BEGIN

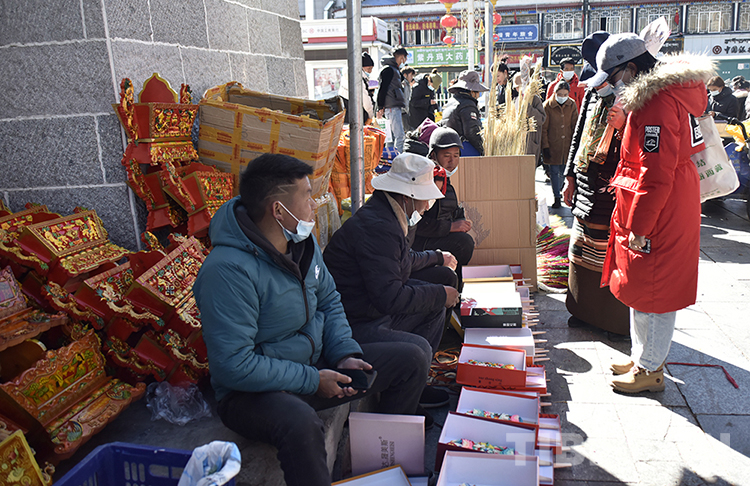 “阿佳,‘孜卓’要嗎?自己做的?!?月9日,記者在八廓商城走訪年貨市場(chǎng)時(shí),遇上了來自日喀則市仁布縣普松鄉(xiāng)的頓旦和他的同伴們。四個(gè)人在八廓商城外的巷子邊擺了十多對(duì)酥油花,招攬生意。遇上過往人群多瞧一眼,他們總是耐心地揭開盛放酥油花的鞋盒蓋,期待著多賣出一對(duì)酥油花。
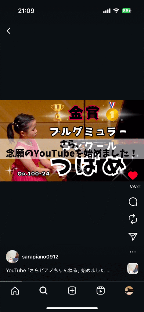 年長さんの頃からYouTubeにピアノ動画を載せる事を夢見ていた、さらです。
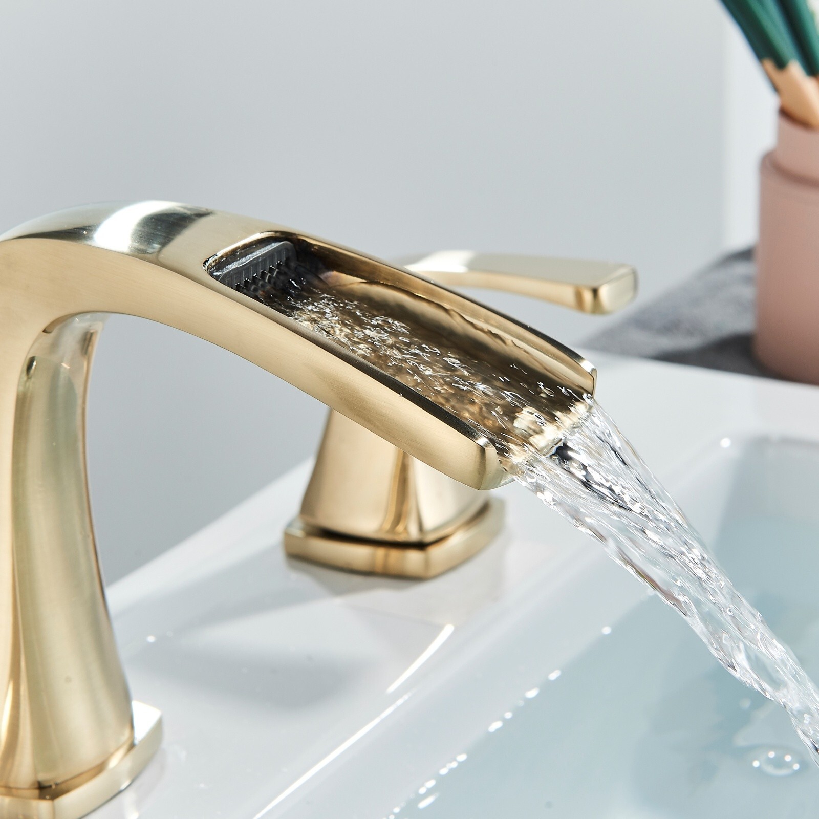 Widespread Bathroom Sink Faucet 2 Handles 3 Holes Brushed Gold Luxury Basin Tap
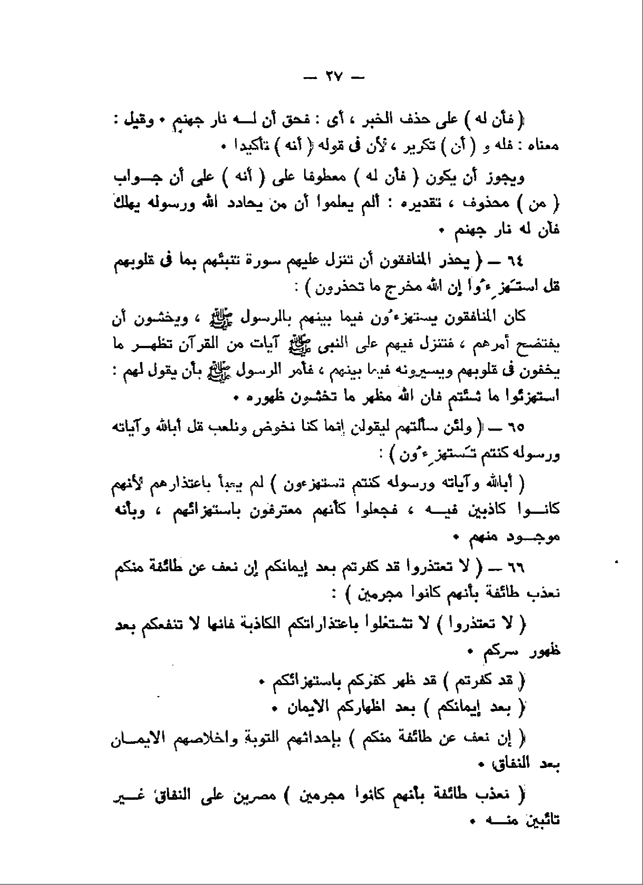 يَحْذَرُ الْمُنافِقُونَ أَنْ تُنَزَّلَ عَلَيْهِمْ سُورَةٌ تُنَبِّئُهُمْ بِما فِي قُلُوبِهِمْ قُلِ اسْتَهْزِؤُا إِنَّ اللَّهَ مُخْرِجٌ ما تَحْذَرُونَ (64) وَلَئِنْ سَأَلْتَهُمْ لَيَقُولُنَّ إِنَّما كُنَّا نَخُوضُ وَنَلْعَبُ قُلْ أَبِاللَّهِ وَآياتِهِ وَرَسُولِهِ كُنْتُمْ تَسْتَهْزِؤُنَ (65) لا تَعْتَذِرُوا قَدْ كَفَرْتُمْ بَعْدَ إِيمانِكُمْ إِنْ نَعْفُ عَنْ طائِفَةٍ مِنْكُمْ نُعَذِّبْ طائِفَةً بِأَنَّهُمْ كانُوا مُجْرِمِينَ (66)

END

▶ [Task instructions]
If a picture falls within the lines from the one containing "Widespread Bathroom Sink" through the end of the material, leave it out while repeating those lines exactly.

▶ [Solution to the problem]
 Widespread Bathroom Sink Faucet 2 Handles 3 Holes Brushed Gold Luxury Basin Tap
 يَحْذَرُ الْمُنافِقُونَ أَنْ تُنَزَّلَ عَلَيْهِمْ سُورَةٌ تُنَبِّئُهُمْ بِما فِي قُلُوبِهِمْ قُلِ اسْتَهْزِؤُا إِنَّ اللَّهَ مُخْرِجٌ ما تَحْذَرُونَ (64) وَلَئِنْ سَأَلْتَهُمْ لَيَقُولُنَّ إِنَّما كُنَّا نَخُوضُ وَنَلْعَبُ قُلْ أَبِاللَّهِ وَآياتِهِ وَرَسُولِهِ كُنْتُمْ تَسْتَهْزِؤُنَ (65) لا تَعْتَذِرُوا قَدْ كَفَرْتُمْ بَعْدَ إِيمانِكُمْ إِنْ نَعْفُ عَنْ طائِفَةٍ مِنْكُمْ نُعَذِّبْ طائِفَةً بِأَنَّهُمْ كانُوا مُجْرِمِينَ (66)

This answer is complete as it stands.